Obviously this is all speculation and knowing the writers, the Gavins probably have some fucked up supernatural backstory and dead parents, but the writers aren't here right now. *locks the doors*
Anyway, for the sake of minimizing stupid ppl yelling at me (assuming I'm brave enough to maintag this instead of letting it rot in obscurity, unrebloggable), please mentally insert "IN MY OPINION" before every statement I make
This is a classic case of choosing a conclusion and retrofitting evidence to support said conclusion but. I'm allowed to do that. I'm not turning this into Professor Fandom for a special grade in "FAN 485: Feverishly Justifying Your Own Bullshit."
Anyway.
Let's recontextualize Kristoph's actions using the following framework:
Kristoph Gavin is a sad little boy in a man's suit, desperate for the validation of everyone around him to the point that he would do anything to get it.
1. Phoenix
A lot of people (alright, haters. A lot of haters. You made me talk like Donald Trump. Are you happy now). *ahem*
A lot of haters like to paint this move as stupid like it's some kind of "gotcha".
"What move?"
The dual move of voting in Phoenix's favor and choosing to befriend him.
Here's the thing.
Of course it's fucking stupid. We're not looking at the pinnacle of criminal masterminds here
Why did he do that? The psychosexual need to force Phoenix to submit? (Actually wait keep talking I want to hear this—) Paranoia? By this point in the timeline, he's already shown a willingness to commit murder, so why not just kill Phoenix?

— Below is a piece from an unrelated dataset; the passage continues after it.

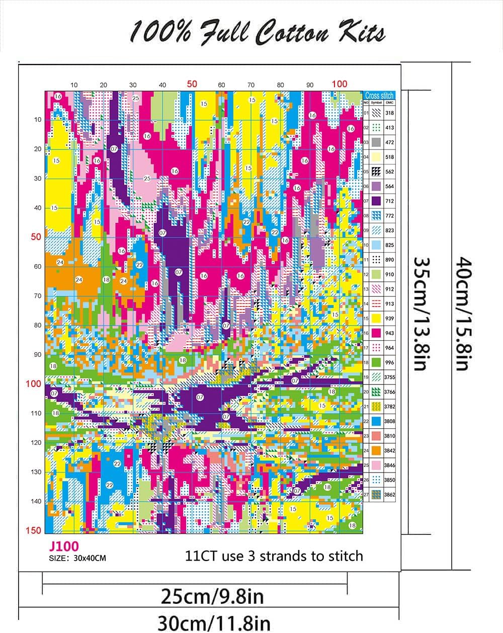 - Package:11.8*15.8inch, 2pc cross stitch needles, enough thread already sorted, English instructions,cross stitch patterns instructions,and 11CT Pre-printed stamped cross stitch fabric cloth. (11CT,without frame)

Because (say it with me now):
Kristoph Gavin is a sad little boy in a man's suit, desperate for the validation of everyone around him to the point that he would do anything to get it.

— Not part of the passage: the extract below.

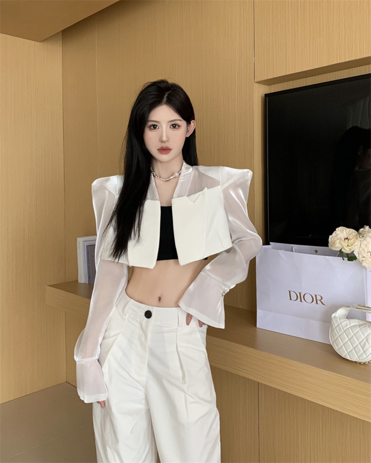 大人の魅力高まる 短いスタイル ショルダーパッド スーツ 薄手 シースルー 日焼け止め ショートコート

He's not some wannabe criminal mastermind.
He wants to be Phoenix's savior. He wants to be the only thing Phoenix has. He needs to be the sole recipient of Phoenix's gratitude and admiration. Because he's better than Phoenix, dammit! Of course he's better than Phoenix. Law is a meritocracy, he's got money, he's got white loafers for fuck's sake, he wins trials by working really goddamn hard because being a lawyer is hard for everyone, you don't just stumble ass-backwards into the courtroom and win every case by stuttering and sweating and stalling so OBVIOUSLY KRISTOPH GAVIN IS BETTER THAN PHOENIX WRIGHT! SAY IT! SAY IT! Look! Look at them together! Look who's still a lawyer and who's an evidence-forging fraud! Look how nice Kristoph looks next to this sad burnout! Look! LOOK AT HOW MUCH BETTER HE IS!

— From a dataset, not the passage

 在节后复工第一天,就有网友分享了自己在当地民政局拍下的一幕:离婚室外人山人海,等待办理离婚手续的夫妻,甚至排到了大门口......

Do you see what I'm getting at here.
Obviously on some level he knows and fears that Phoenix really is better than him, and that matters, so he he really really needs Phoenix's validation
And lbr, he probably does have a deep psychosexual obsession with the idea of forcing Phoenix to submit to him
2. Forging evidence
I'm not gonna speculate on Kristoph's lawyering skills here. Really, I'm not. However I'd be cautious about making the argument that he forged evidence solely because he thought Zak was guilty and he reeeaally wanted to win. We saw that it was an extremely tricky case and that Zak's innocence would have been very difficult to prove. It's entirely possible Kristoph believed in Zak's innocence but didn't think he'd be able to prove it without cheating.
That being said, I don't think it matters.
It matters that the case was complicated, but it doesn't matter whether Zak was innocent or guilty or a secret third thing, because Kristoph would have cheated regardless becaaauuuuse
Say it with meeee...
Kristoph Gavin is a sad little boy in a man's suit, desperate for the validation of everyone around him to the point that he would do anything to get it.
He was up against a fucking rockstar. A famous, hotshot, cocky, little upstart rockstar. A young prodigy. A fucking teenager. It didn't matter one bit that they just so happened to be related. Or did it.
Of course he needed to win.
(If you want to get really headcanony with it, which I do, I think the Gavin parents definitely raised their kids with an extreme superiority complex, setting them apart from their peers by straight-up telling them "you are better than they are. You are not like them."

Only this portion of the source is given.